Best Fly Fishing Reel: Redington Behemoth 



Key Features (9/10)

  • Weight: 10.8 ounces
  • Backing capacity: 275 yards
  • Drag: 30 pounds


  • Fast line retrieve
  • High line capacity
  • Heavy-duty drag
  • Affordable


  • Slightly heavy
  • Not sealed

While spinning gear may be out of place in the musky world, fly fishing gear certainly is not. In recent years it’s become so popular that many musky guides always have at least one fly setup rigged and ready on the boat. The Redington Behemoth is the perfect fly reel for those looking to target musky. As the name suggests, it’s a reel designed for tackling large fish in fresh or saltwater. The 7/8 or 9/10 sizes are what most anglers prefer for musky, and the large arbor allows you to use a size heavier rod and line than the reel size. So, the 7/8 will work well on 9 weight and the 9/10 will work on an 11 or 12 weight. 

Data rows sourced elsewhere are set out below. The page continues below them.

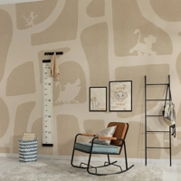 Et diskret og stilfuldt tapetdesign med bløde silhuetter af Pumba, Timon og Simba, der smelter harmonisk sammen med organiske former i beige og brune nuancer. Tapetet bringer et roligt og moderne udtryk til børneværelset – med et kærligt nik til Løvernes Konge.
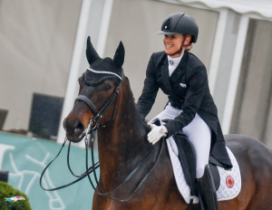 Seit knapp acht Wochen hat die viermalige Olympiasiegerin den zehnjährigen Dancier-Sohn Diallo im Stall, ist in Hagen bei ihrem zweiten Turnier, das erste Mal international mit ihm am Start und hat Diallo heute durch den ersten Special gesteuert. Das Ergebnis: 72,447 Prozent und der Sieg. Schon nach dem Grand Prix gestern hatte Jessica von Bredow-Werndl von einem ‘abnormalen Gefühl’ geschwärmt, das Ziel für den Special war klar: weniger Fehler. Das ist gelungen! Das Paar zeigte eine technisch fehlerfreie Runde, aber trotzdem noch mit Luft nach oben. Das Angaloppieren in X war noch etwas ungestüm im Vorwärts, die Piaffen noch nicht sicher auf der Stelle, die Wechseltouren noch etwas eilig. Hier und da fehlt dem Youngster natürlich noch die Routine und gelassene in Ruhe, insgesamt macht das Paar große Freude mit Blick in die Zukunft. “Ich bin sehr stolz auf Diallo und unsere Entwicklung in so kurzer Zeit”, erzählt von Bredow-Werndl. “Er war schon sehr gut ausgebildet. Jetzt hat er sich aber wirklich schnell auf mich eingelassen und es hat ziemlich schnell gefunkt zwischen uns beiden. Ich bin einfach neugierig wie weit wir uns die nächsten Wochen, Monate, Jahre noch entwickeln dürfen und bin sehr dankbar, so ein tolles Pferd reiten zu dürfen.”
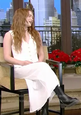 on Live with Kelly and Mark on Disney ABC Home Entertainment was spotted wearing this white button vest on Live with Kelly and Ryan on Dec 12 2022's episode. 's Vest is the Viscose and linen fluid twill waistcoat by Brunello Cucinelli.
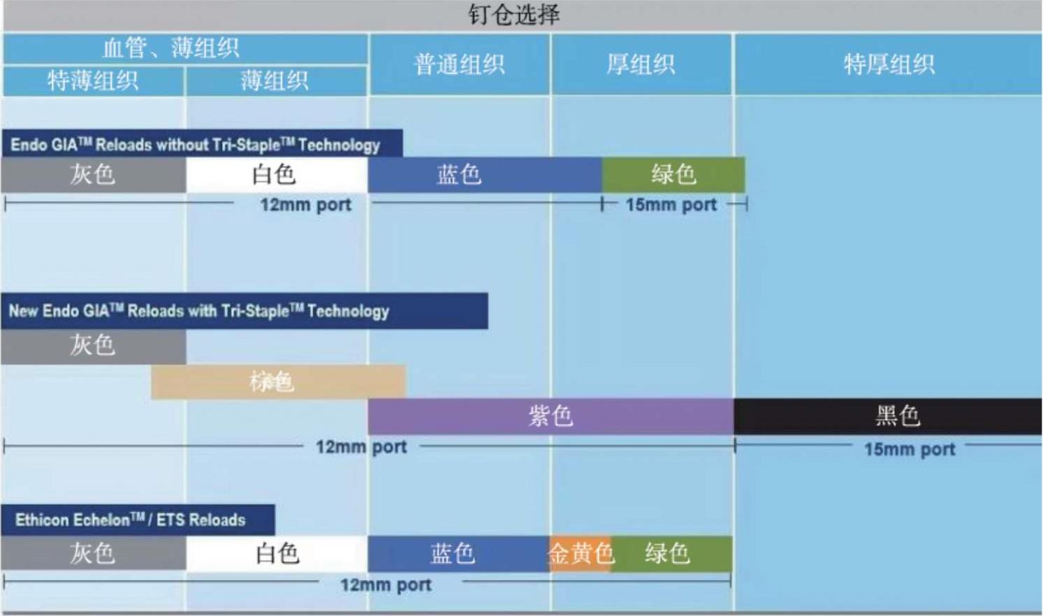 (3)钉仓的选择:根据组织的厚度和韧性选择合适的钉仓。

The large arbor design allows for fast line retrieve, and the impressive carbon drag system boasts a 30 pound max, giving you serious stopping power with a fish on the line. The price is also remarkably affordable compared to many other reels in the category. Lastly, the unique V-shaped spool design holds an incredible amount of backing, making for an impressive line capacity. 

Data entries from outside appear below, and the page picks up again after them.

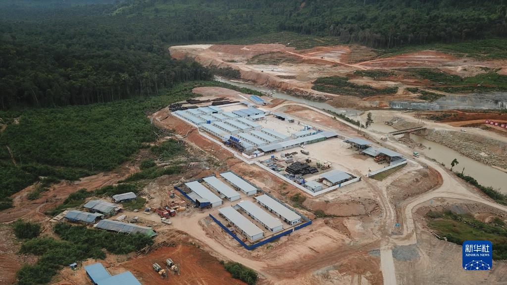 这是11月29日在柬埔寨戈公省特莫邦县拍摄的上达岱水电站施工营地(无人机照片)。
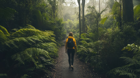 A woman is walking through a forest with a yellow backpack. The forest is lush and green, and the sky is cloudy. The woman seems to be enjoying her walk and taking in the beauty of nature
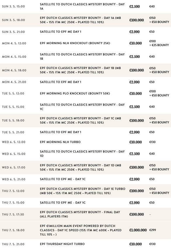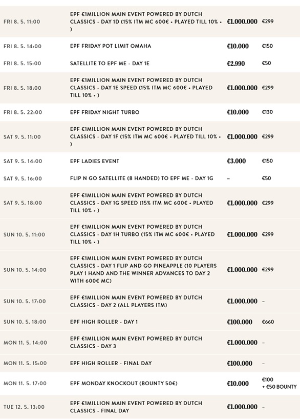 The EPF offers a diverse schedule filled with various events tailored to all preferences. From the thrilling Main Event to numerous side events and cash games, there is something for everyone. All participants can look forward to a vibrant poker community, professional dealers, and a welcoming atmosphere throughout the event.

Musky can be caught on fly, spinning, and baitcasting reels. Kevin Hughes


Q: Do I need an expensive reel for musky fishing?

Not at all. While the old adage “you get what you pay for” is true in many ways, there are plenty of quality options on the market for someone looking to target musky on a budget.

Q: Do I have to use a baitcaster for musky fishing?

While baitcasters are ideal and preferred, there’s nothing wrong with branching out into spinning or fly gear in the right situations. 

Q: Is drag really that important for musky fishing?

While having a powerful drag is certainly helpful for stopping big fish, the more important factor is the quality of the drag. A good drag system allows for a smoother fight and increases your likelihood of landing the fish.

Why Trust Outdoor Life?

Since 1898, OL has been a leading authority in testing and reviewing hunting gear, fishing tackle, guns and shooting equipment, and much more. We have more than a century-long history of evaluating products, and we’re now bringing that expertise to online reviews. Our editors are experienced outdoorsmen and women, and most importantly, we’re trained journalists. We prioritize field testing and objective data when reviewing products. We conduct interviews with gear manufacturers and engineers as well as outdoor experts so that our readers have an understanding of how and why a product works—or doesn’t.

Advertising does not influence our gear reviews and it never will. While we always focus our coverage on standout products—because we want our readers to be aware of the latest and greatest gear—we also cover the flaws and quirks of any given product.

Final Thoughts on the Best Musky Reels

Musky fishing is one of the most daunting freshwater fishing pursuits in North America. There are many ways to target these fish, and most of them require serious dedication. The proper gear is critical to help ensure you make the most of every opportunity on the water, as musky don’t offer many. It’s important to have the best musky reel for the task to ensure you avoid heartbreak and hoist a trophy after a long day of musky fishing.